At A and D patterns, MACD moved beyond the level of 0.0045, as a rule, this suggests a possible correction or a change of trend. This are contrtrend patterns. Patterns B and C are trend ones, they allow to enter in the direction of the prevailing trend. The red circles indicates to signal of the entrance. One should enter at the opening of the next bar. Head and shoulders
Double Peak and basis
When MACD decreases to a zero line and it is launched back aside a dominating trend, being kept hardly above a zero line is a signal of a proceeding tendency. Such movement should be taken, as usually it happens strong.

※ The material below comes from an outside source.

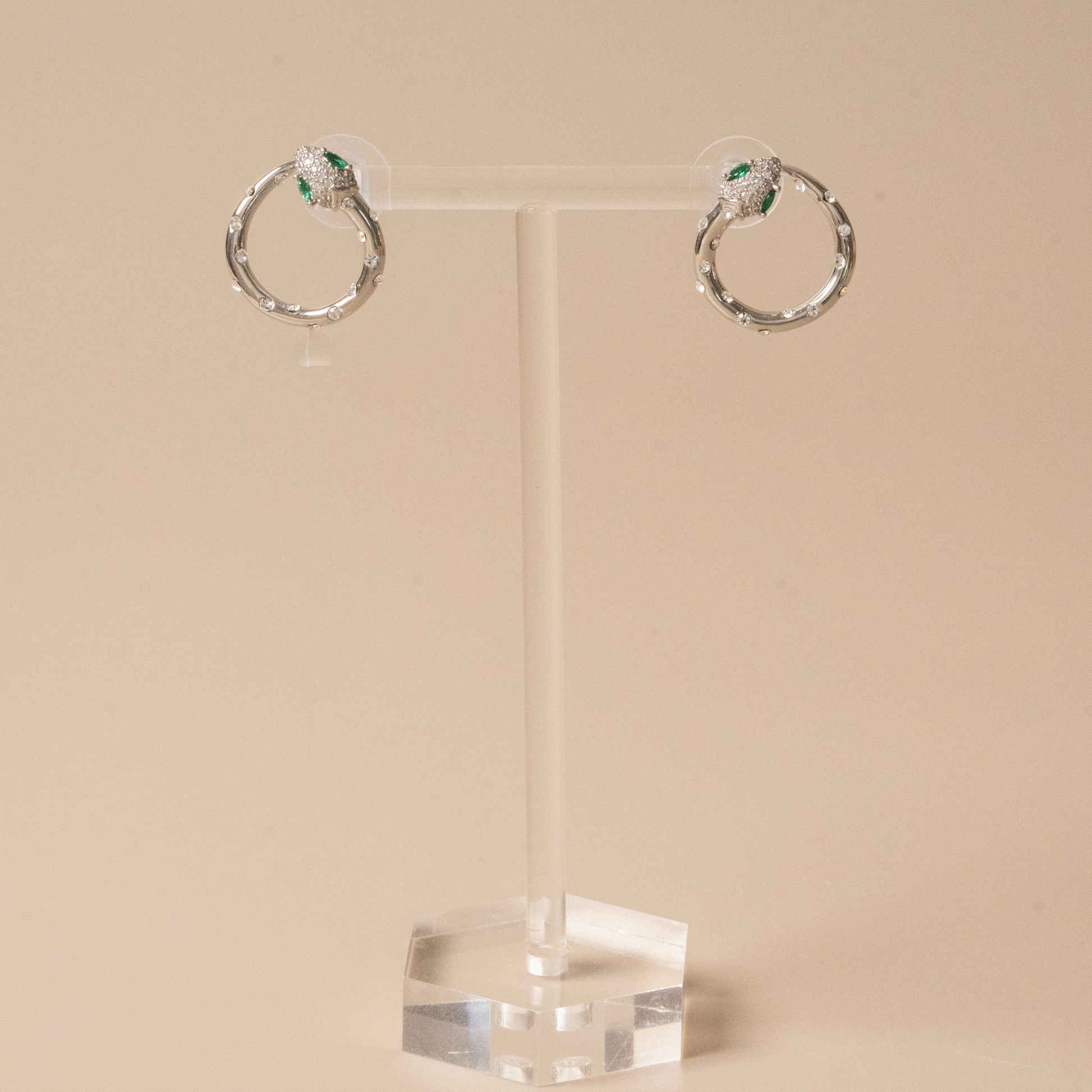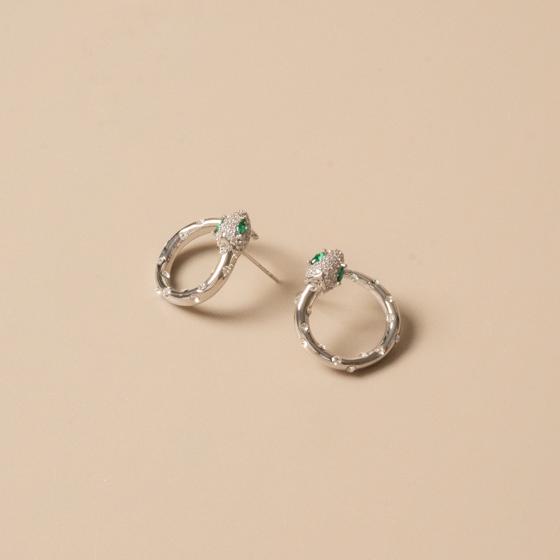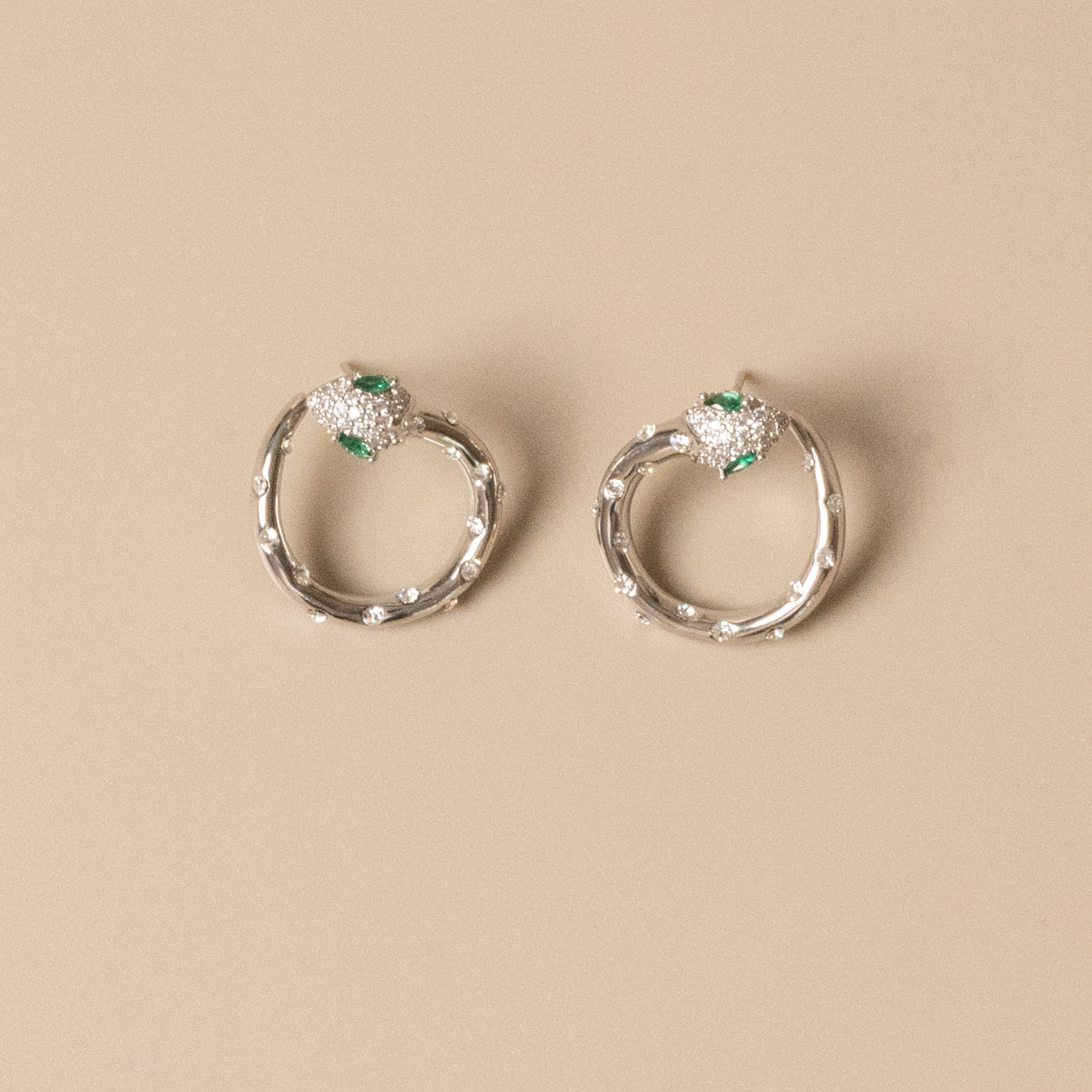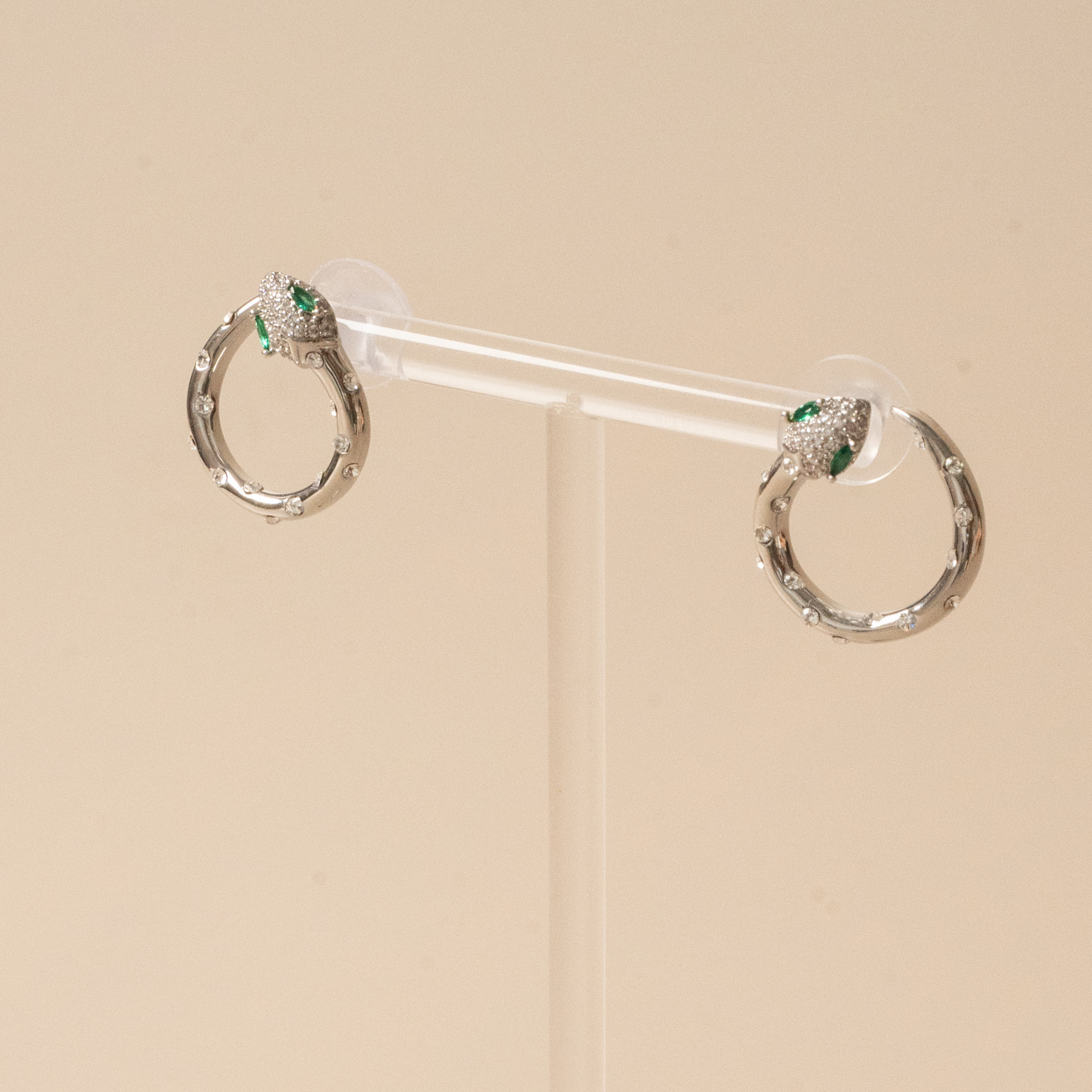 • A sleek twist on timeless hoops—these silver snake-inspired earrings sparkle with pavé details and striking green eyes. Bold yet refined, they bring a touch of mystery and sophistication to any look, perfect for day-to-night style.

Round peaks and bases. A good signal for action. Just be careful when MACD is within the first zone of 0.0000 0.0015 above or below zero. Pattern should be considered a good signal if rounding formed at least 5 bars.
Examples of patterns MACD on real schedules
The graph below shows how the price like playing, revolves around the levels of support and resistance. The first entry was above average sliding profits and the first goal will be around fast moving average (8EMA and 21EMA). The second goal arrived around will be slow moving average (89SMA and 365EMA). The third goal arrived on the price level will be 1.2100, etc., etc., etc. This is an example of how to plan your trade in advance to take partial profit until the sale is completed.
A level that was last tested by price should be near the entry point so that a stop-loss could be set to this level.